Backtest Oscar Health Stock Performance
Here is the event-driven back-test you requested. I have identified every trading day since 2022-01-01 when Oscar Health (OSCR.N) closed at least 23 % higher than the previous day (4 events in total) and evaluated the stock’s subsequent 30-day performance.Key takeaways (30-day window after each ≥ 23 % surge):• Sample size: 4 events (from 2023-02-13 to 2025-05-08). • Median next-day excess return: ≈ +1.6 %; advantage fades quickly thereafter. • By day 10 the average position is already under water (-3.6 % vs +2.4 % for the benchmark). • Drawdowns deepen through day 20 (≈ -14 % cumulative), then partially recover; by day 30 the average event is roughly flat (+2.8 %), still lagging the benchmark (+7.9 %). • Win-rates deteriorate after the first few days (75 % on day 1, 25 %–50 % in later windows). • No horizons reached conventional statistical significance, suggesting the pattern is not reliably exploitable.Implication: for OSCR.N since 2022, chasing ≥ 23 % daily spikes has not produced consistent outperformance beyond the very short term, and positions tended to give back gains over the following weeks.You can explore all detailed charts and metrics in the interactive module above.
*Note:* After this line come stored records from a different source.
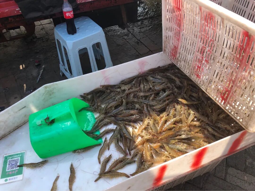 集市有卖各种东西的,双黄的咸鸭蛋看着好棒,藕也又白又大,还有各种鱼、虾、小龙虾。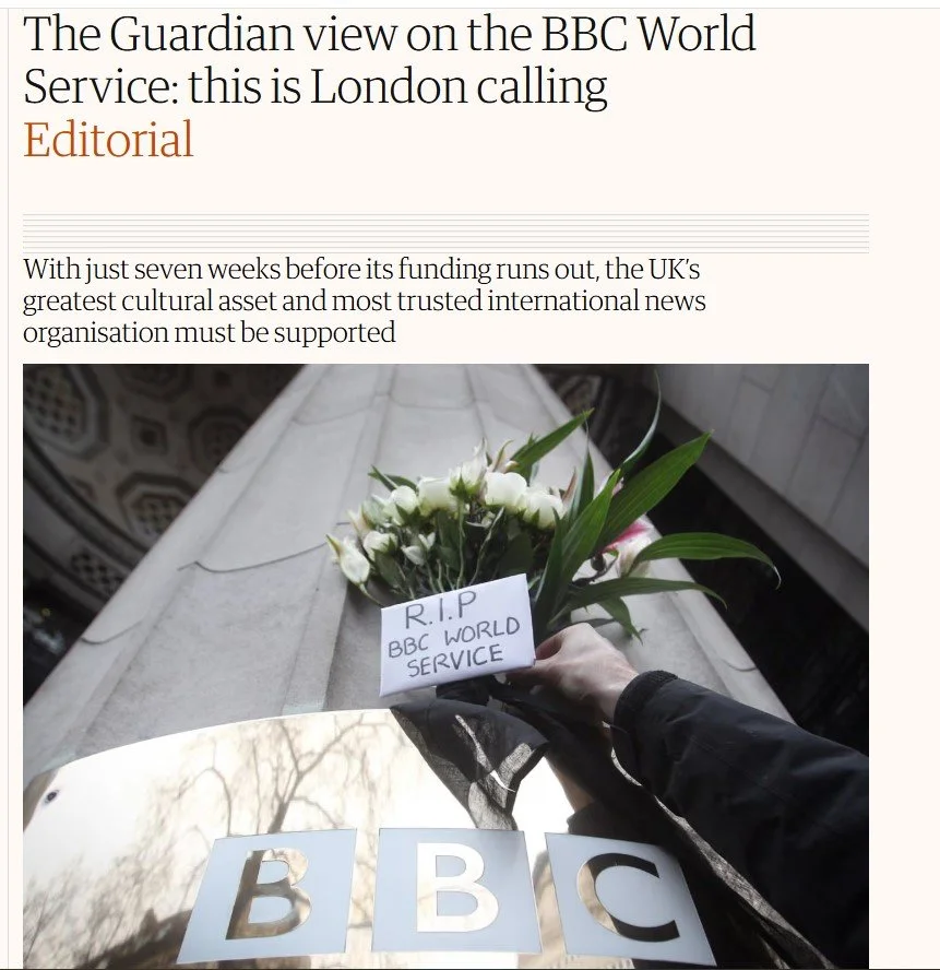 Det er den britiske avisen The Guardian som i en leder publisert fredag kveld skriver at BBC World Service om syv uker vil være tom for penger, og etter den tid vil trenge tilførsel av nye midler for å kunne videreføre sendingene sine.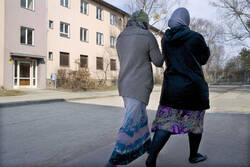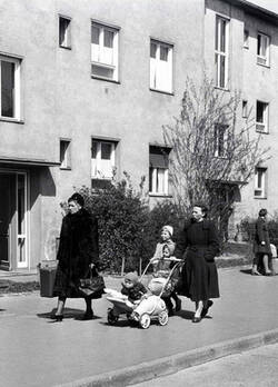 Now, head back to the museum entrance. As you walk along Marienfelder Allee, you will hear more voices from our archive of contemporary witnesses. The interviewees lived here at different times and for varying lengths. Their memories offer personal insights into the experience of arriving and living in Marienfelde.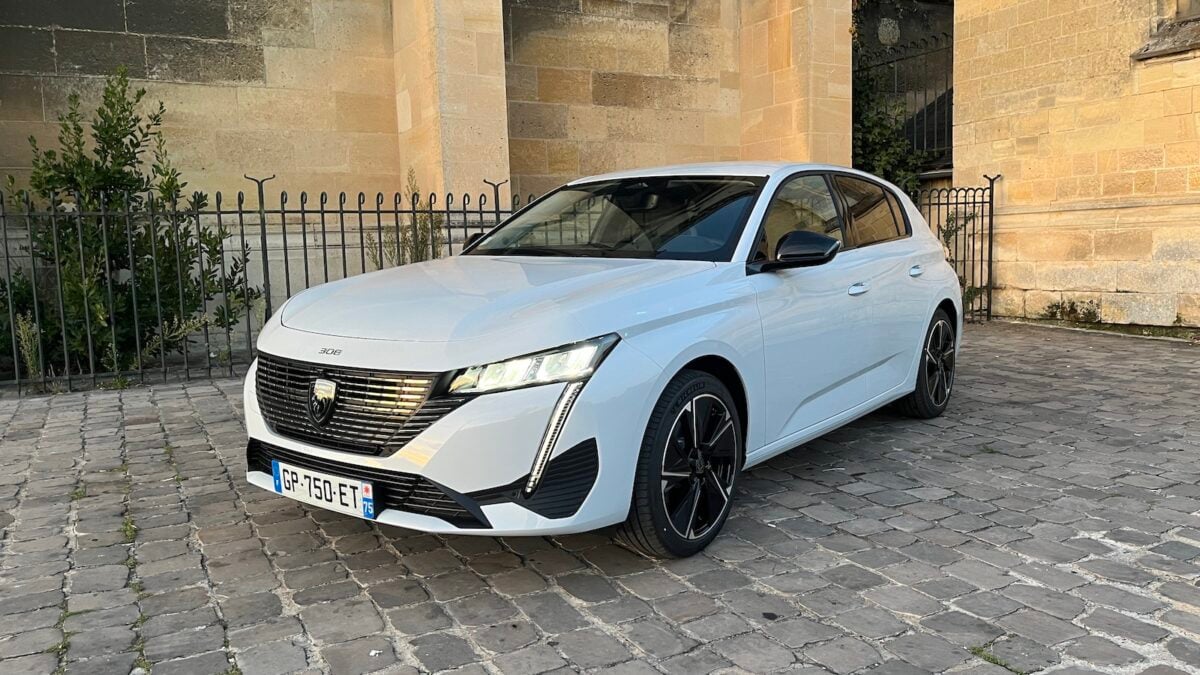 Présentée en mars 2021, la Peugeot 308 était jusqu’à présent disponible avec des motorisations thermiques et hybrides. La voici désormais en version 100% électrique avec un moteur synchrone à aimants permanents de 156 ch situé à l’avant en porte à faux avec le réducteur de couple. Un moteur alimenté par une « petite » batterie (type NMC Nickel Manganèse Cobalt) d’une capacité de 51 kWh de capacité net pour 54 kWh brut. Cette Peugeot e308 conserve son architecture traditionnelle de voiture thermique avec un châssis basique composé de combinés McPherson à l’avant d’un essieu arrière semi-rigide à barre Panhard. Le gabarit reste le même à savoir 4,36 m de long pour 1,85 m de large et 1,48 m de haut ce qui en fait l’une des plus longues berlines compactes du marché. La Renault Mégane électrique mesure 17 cm de moins et même la grande MG4 reste 7 cm plus courte que la Peugeot.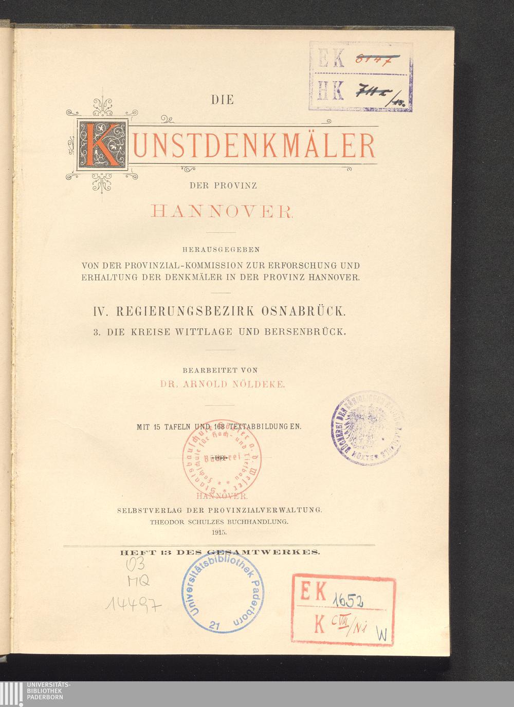 Die Kreise Wittlage und Bersenbrück / bearb. von Arnold Nöldeke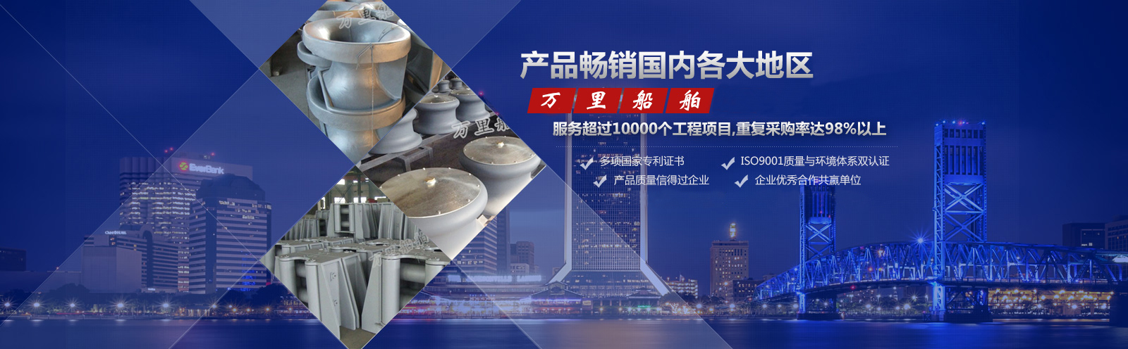 泰州市萬里船舶機械制造有限公司位于姜堰市西郊橋頭工業(yè)集中區(qū),東臨寧靖鹽高速公路,南傍寧啟鐵路及328國道,距泰州火車站10公里,交通十分便利。 本公司是一家研制生產(chǎn)各類船用系泊設備、舾裝設備的專業(yè)廠家,所生產(chǎn)產(chǎn)品品種齊全、質(zhì)量可靠。其中導纜器、導纜滾輪、導纜孔、帶纜樁、棄錨器、人孔蓋、導鏈滾輪廣泛應用于國內(nèi)各大船廠,同時外銷日本、韓國、西班牙、意大利、臺灣等國家及地區(qū)。本公司已獲得中國(CCS)船級社認可、英國(LR)船級社認可,美國(A···
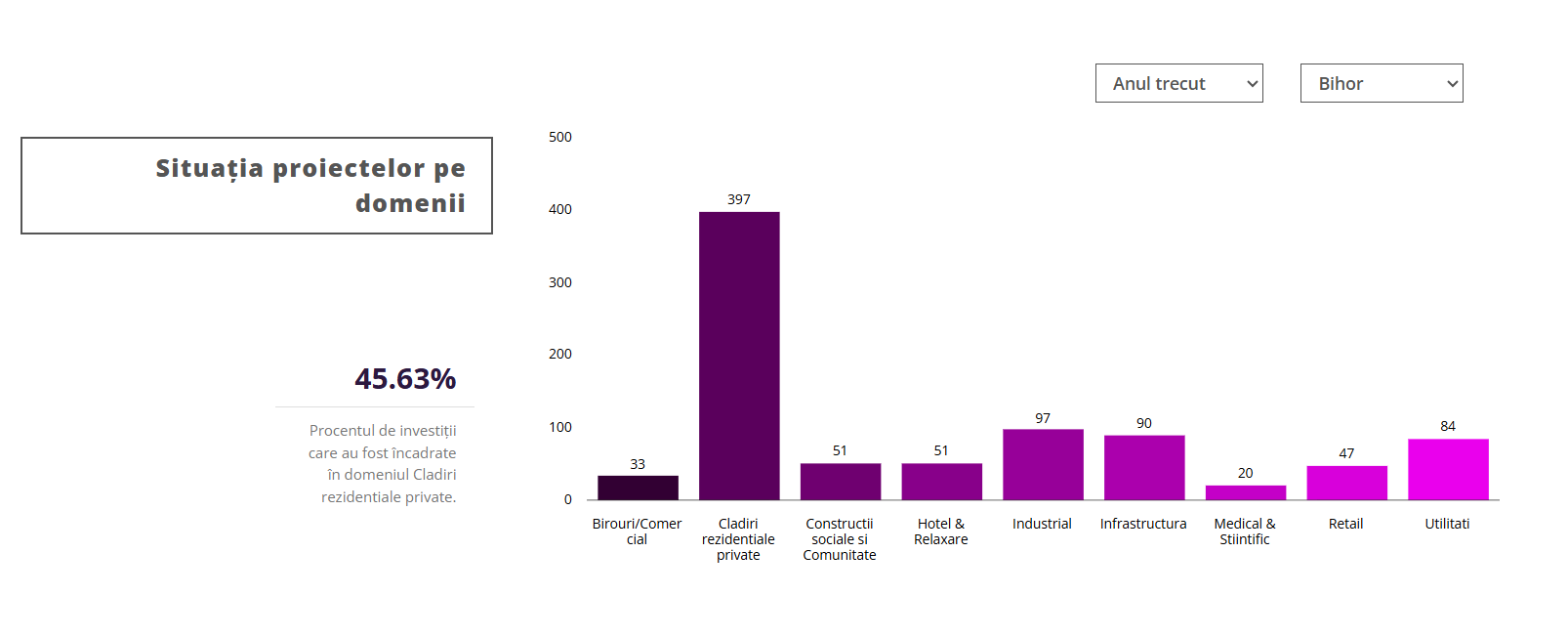 Bihor, în schimb, are cea mai mică pondere a rezidențialului: 45,63% (397 proiecte). În acest județ, industrialul (97), infrastructura (90) și utilitățile (84) au greutate reală, ceea ce sugerează o piață mai echilibrată, cu investiții care nu se sprijină predominant pe dezvoltarea locativă.

OSCR’s Policy-Driven Rally: Time to Lock In Gains or Ride the Wave?
OSCR’s 23% surge hinges on the unconfirmed ACA subsidy extension narrative. While the technicals suggest a short-term breakout, the lack of official confirmation introduces regulatory risk. Traders should monitor the $16.58 level as a critical support; a break below triggers a retest of the 200D zone. For context, sector leader UnitedHealth Group (UNH) trades -0.59% intraday, highlighting OSCR’s divergence. The key takeaway: position sizing must reflect the high volatility and policy uncertainty. Aggressive traders may consider the OSCR20251128C17 call for a 41% upside if the $17.50 resistance is breached. Conservative investors should wait for a pullback to the 200D average before initiating long positions.

TickerSnipe provides professional intraday stock analysis using technical tools to help you understand market trends and seize short-term trading opportunities.